══ Source data ══

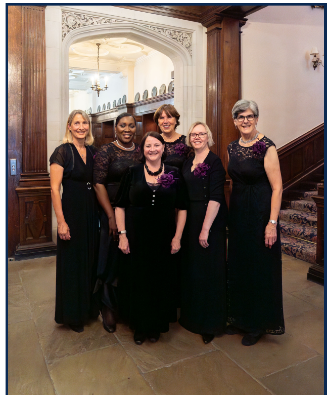
The Military Wives Choir at the Charitable Trust Dinner July 2023.

The Human Resource Professionals Charitable Trust is a CIO registered organisation with the Charity Commission with the registration number 1183708
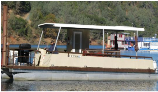
B LITE 12 PEOPLE MAX

10x30 Sun shade, sink, cook top, gas BBQ, table & chairs, flush toilet, 40HP motor $200/day
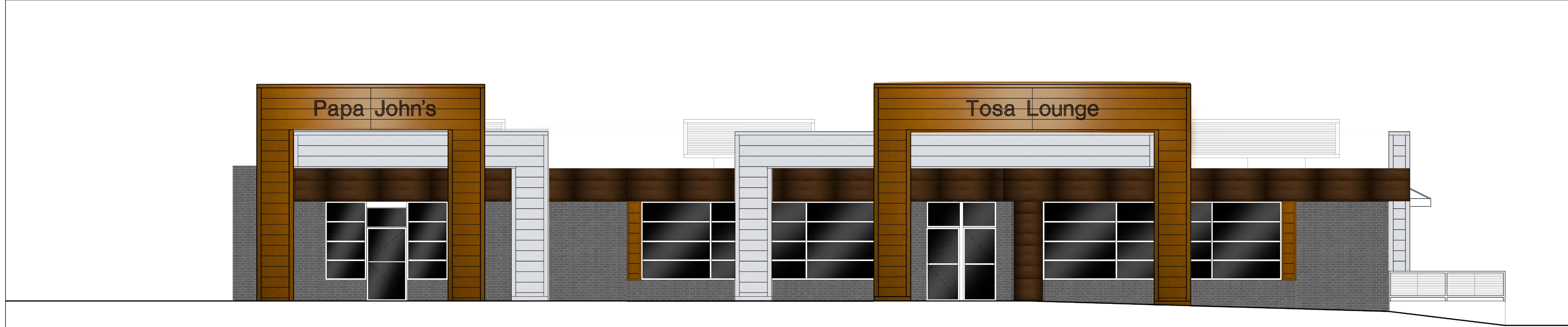
PROPOSED SOUTH ELEVATION 3/16" = 1' - 0"
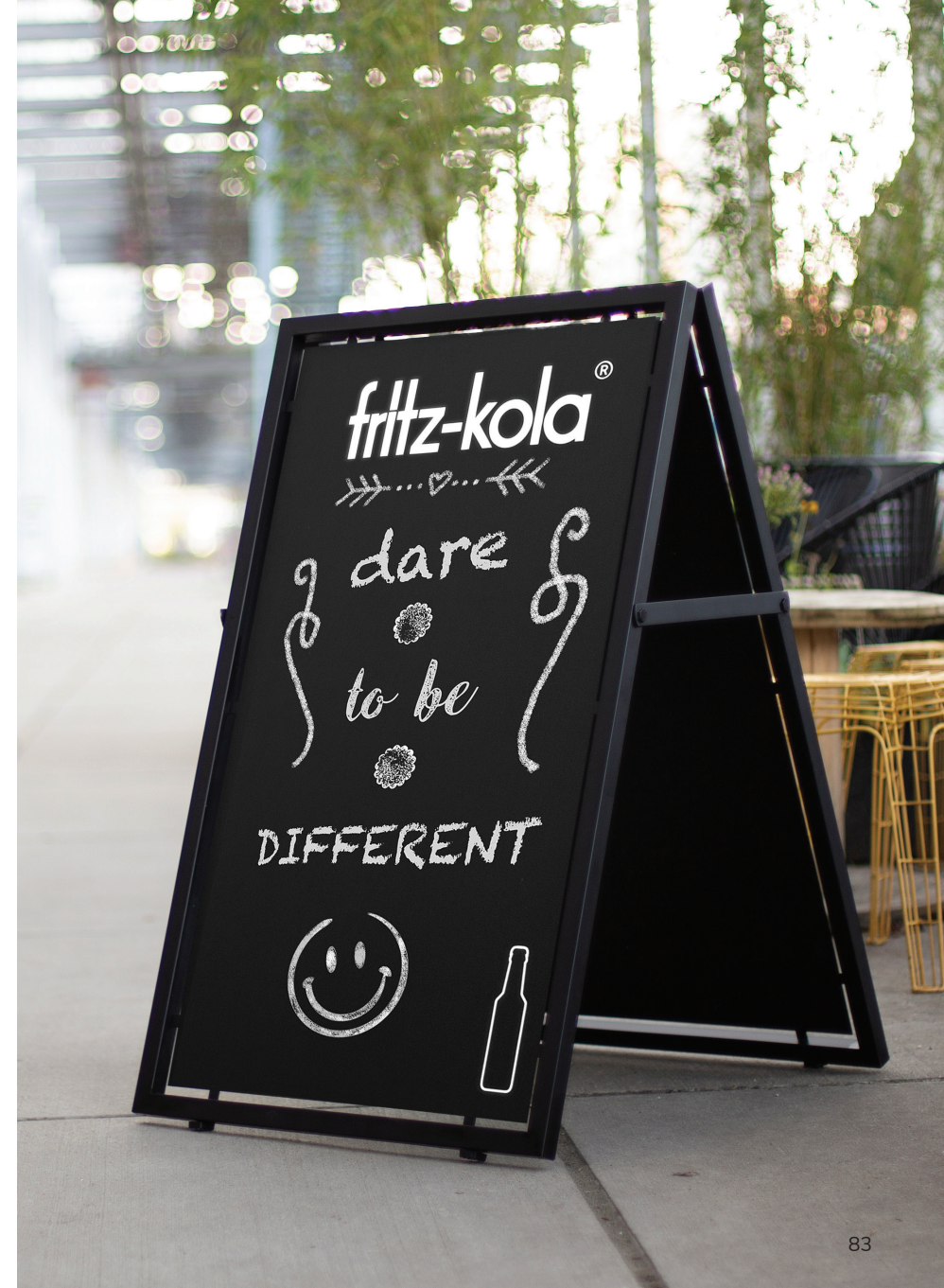
Pavement stand - Fritz-Kola
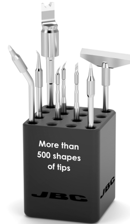
SCH Cartridge Holder
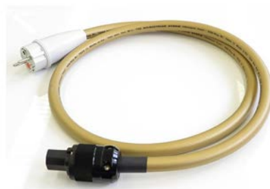
M.C. The Mainsstream Hybrid – mounted with Schuko – IEC connectors.
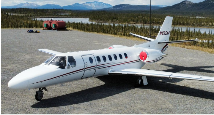
Cessna Citationjet V Ultra (560) Intake Plugs, With Pylon Plugs

The Engine Inlet Plugs are custom fit for your Cessna Citationjet V Ultra (560) intakes, made with heavy-duty vinyl material, and stuffed with a single block of sculpted urethane foam. Each plug has a zipper that allows the foam to be removed and dried if necessary. Engine plugs have 'remove before flight' streamers sewn onto the face of the plugs. Most plugs are imprinted with the aircraft registration number in black for an extra charge. Storage bag NOT included. Engine plugs may be inserted after flight when the engine is still warm. Engine Inlet Plugs are commonly referred to as Cowl Plugs, Intake Plugs, Cowl Blocks, Engine Blocks, and Engine Bungs.
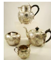
Lot # 440
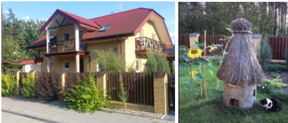
Figure 1. View of the front façade (NW direction) of the low-energy building LE1 (the LE2 building in addition to the color details is identical) - and the air intake to the ground heat exchanger

LE houses are equipped with mechanical ventilation system with heat recovery. The external air is supplied to the recuperator via a ground heat exchanger in which the ventilation air entering the interior of heated zone is preheated. In the summer season, after exchanging the contribution in the recuperator to the "summer" ground heat exchanger is used to cool the air blown into the building. The effect is obviously far from the standard air conditioning, but it allows to obtain a reduced internal temperature during the 24 hours during the highest outdoor temperatures.
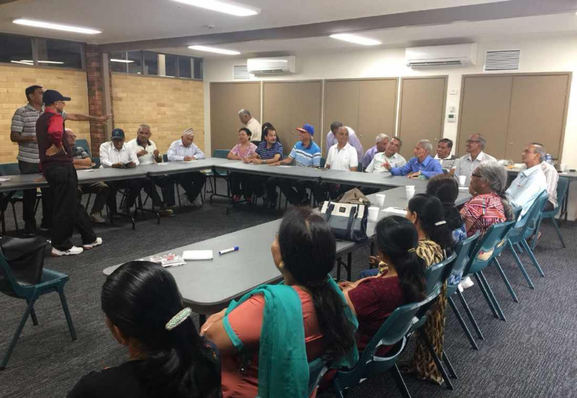
2018 - LISTENING: VOICES FOR POWER COMMUNITY TABLE TALKS
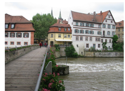
One of many beautiful views in the gorgeous town of Bamberg, Germany
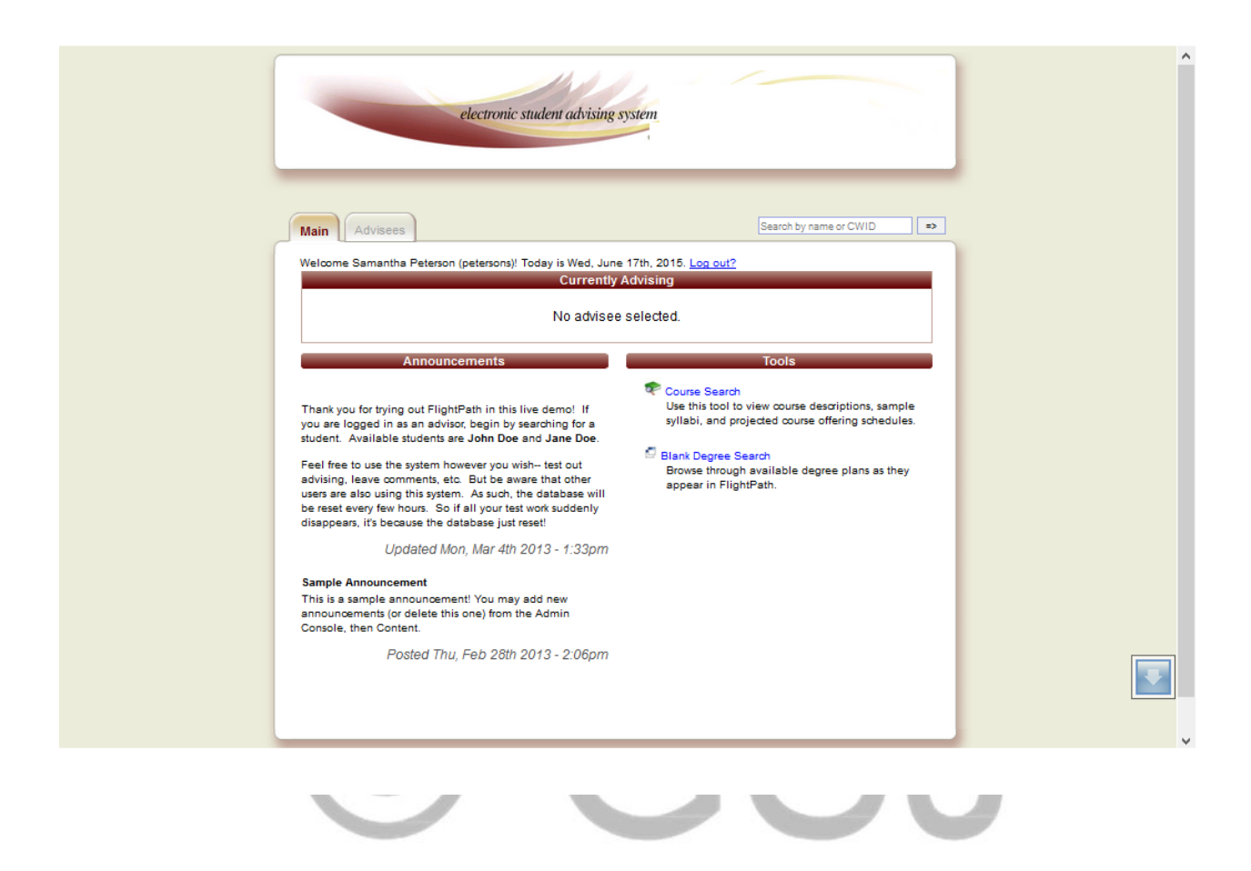
Figure 2: Adviser's Screen
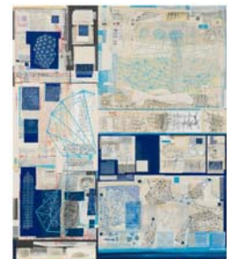
Stephen Talasnik Modern Measurement , 2008. Collage on panel, 72" x 60".
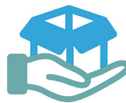
DENTAL COMPLIANCE IN-A-BOX
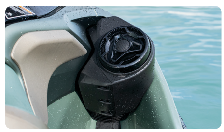
BRP Audio - Premium System

USB port, watercraft cover, storage bin organizer, knee pads, exclusive coloration and more.
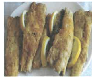
Grilled hake fish
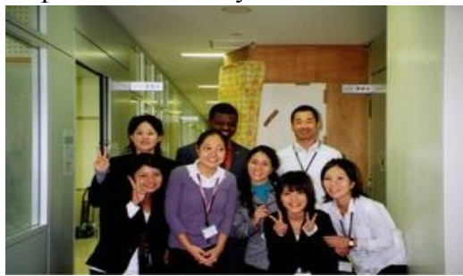
NFINN and Conference Staffs at Okinawa
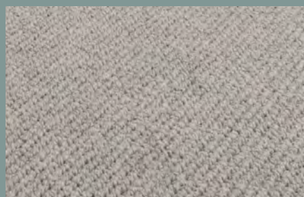
Rain Cloud 26
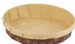
GBM 170/35 GARDENIA
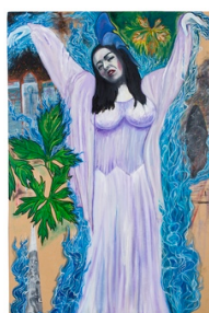
Flowers of Evil, Wolfsbane Fairy with Blue Flames , 2015 Oil on cardboard 110 x 73 cm 43 1/4 x 28 3/4 in
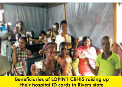
Beneficiaries of LOPIN1 CBHIS raising up their hospital ID cards in Rivers state
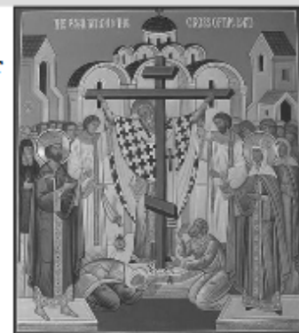
The Cross is precious to Saint Helen, and to us!

Something precious to you is something that means so much to you, something you wouldn't trade for anything! A precious jewel is a diamond or another gem that is worth a lot of money. Something precious to you might not be worth anything to somebody else.
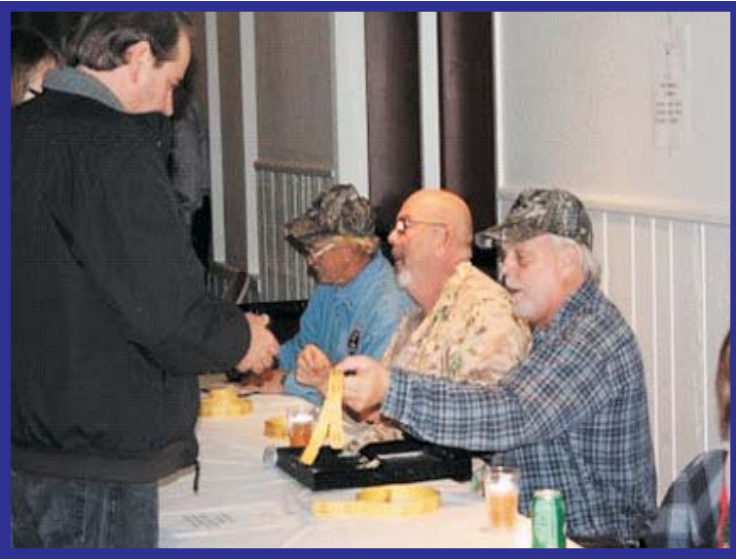
HERE, LET ME SELL YOU A COUPLE OF LOSERS
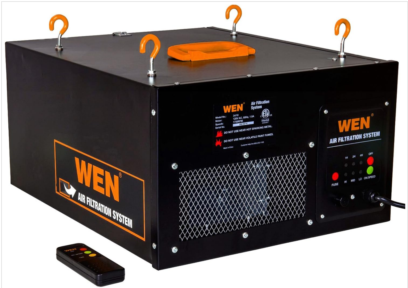
Image: The WEN 3410 Air Filtration System, showing the top with pre-installed eye bolts for hanging.
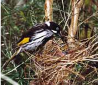
New Holland honeyeaters feed on the nectar from banksias found in Eastern Suburbs Banksia Scrub.
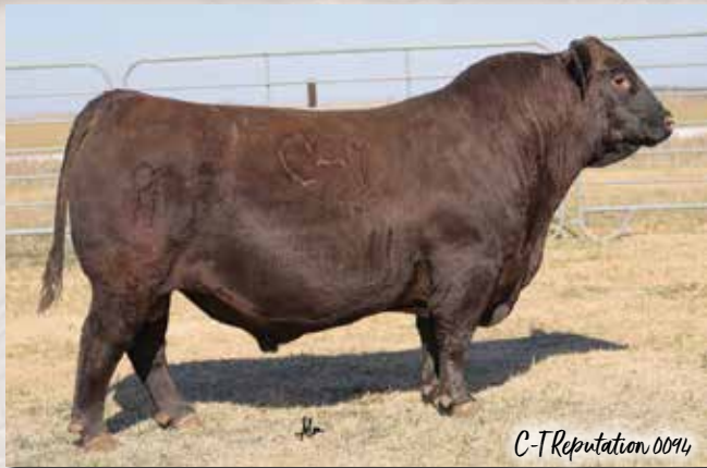
C-T Reputation 0094

═══

● What you are asked to do: From the data above, copy every line where "exchanger" appears.

● Answer box:
Figure 1. View of the front façade (NW direction) of the low-energy building LE1 (the LE2 building in addition to the color details is identical) - and the air intake to the ground heat exchanger
LE houses are equipped with mechanical ventilation system with heat recovery. The external air is supplied to the recuperator via a ground heat exchanger in which the ventilation air entering the interior of heated zone is preheated. In the summer season, after exchanging the contribution in the recuperator to the "summer" ground heat exchanger is used to cool the air blown into the building. The effect is obviously far from the standard air conditioning, but it allows to obtain a reduced internal temperature during the 24 hours during the highest outdoor temperatures.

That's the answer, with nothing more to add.